I started a writing blog a couple of months ago, apart from the comings-and-goings-of-my-life blog. There are only a smattering of entries there-- things get in the way of writing. The most common excuse applies to me-- school. But a deeper excuse lies unsaid until now: writing had always scared me a little.
Maybe failure is a little too intolerable if it about something you like so much. What if it sucks?
I have this unexplainable fear of not being able to say anything. And when I do manage to say something, I'm afraid it would learn something about myself I wouldn't want to find out? I'm scared to think I'm darker than I really am.
Roughly a month ago, I decided to commit to writing. It was one of the conclusions of my silent retreat in a scenic Jesuit villa in Baguio. I'm too much of a cerebral person, you see. And when I'm threatened or confronted with something unfamiliar, I retreat to my thick brain. Not all things can get through those discriminating gates- I find that a lot of things are left out in the cold and rendered unintelligible. Love, for instance, can't be taken apart and analyzed. I suppose only the heart sees that, and my heart had been so mum because for so long she's been trailing after a very chatty brain.
Somewhere, my heart needs to learn how to sing.

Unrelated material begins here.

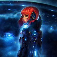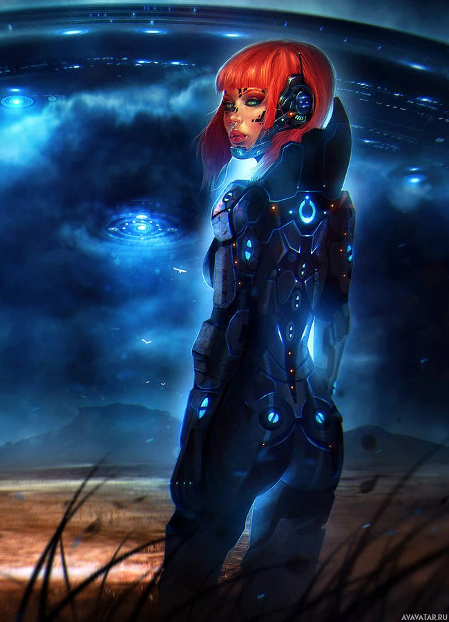 red hair and is wearing a futuristic suit with cybernetic enhancements, which are common in science fiction genres to represent advanced technology or augmented human abilities. The background suggests an extraterrestrial environment with otherworldly elements such as floating rocks and structures that look like they could be part of

Maybe in poems and stories? ü
I'm looking forward to reading your stories! I've read some of Marj's and Bes's works- and I'm always amazed (Wow, how'd they write THAT?) I haven't read any of Ge's work so I'm especially excited about that too. (Ge, I have an idea though, haha. Marj sang to me a song you wrote and I had no idea how you were able to think about those lyrics. I remember it was really good. ü)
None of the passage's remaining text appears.